Original issue reported on code.google.com by al...@arcor.de on 27 Dec 2010 at 4:00

GoogleCodeExporter commented 8 years ago
When this local declaration is done in pid.h, the compiler makes 
zeroIntegralError() inline and it unrolls the code, so it gets quite large. 
Prevent this by forcing zeroIntegralError() to be noinline.

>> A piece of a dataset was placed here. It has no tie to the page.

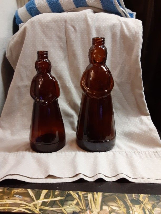 Vintage Aunt Jemima Miss Butterworth syrup bottles amber in color two sizes 1 -11" inches 1- 10" inches cash only you pick up

void zeroIntegralError() __attribute__ ((noinline));
void zeroIntegralError() {
  for (byte axis = ROLL; axis < LASTLEVELAXIS; axis++)
    PID[axis].integratedError = 0;
}

Original comment by al...@arcor.de on 27 Dec 2010 at 4:06

GoogleCodeExporter commented 8 years ago
Pretty amazing!  Those updates saved about 700 bytes.  Do you think these 
updates cause the code to run slower though?

Original comment by CaranchoEngineering@gmail.com on 7 Jan 2011 at 7:42

GoogleCodeExporter commented 8 years ago
The fix causes the code to run faster, it takes longer to increment and use a 
global integer than a byte register, but not so much, maybe it saves 0.5 µs 
per usage. For the overall speed of this has just a minor effect, as the serial 
and eeprom stuff does not run in the main loop and is relative slow anyway.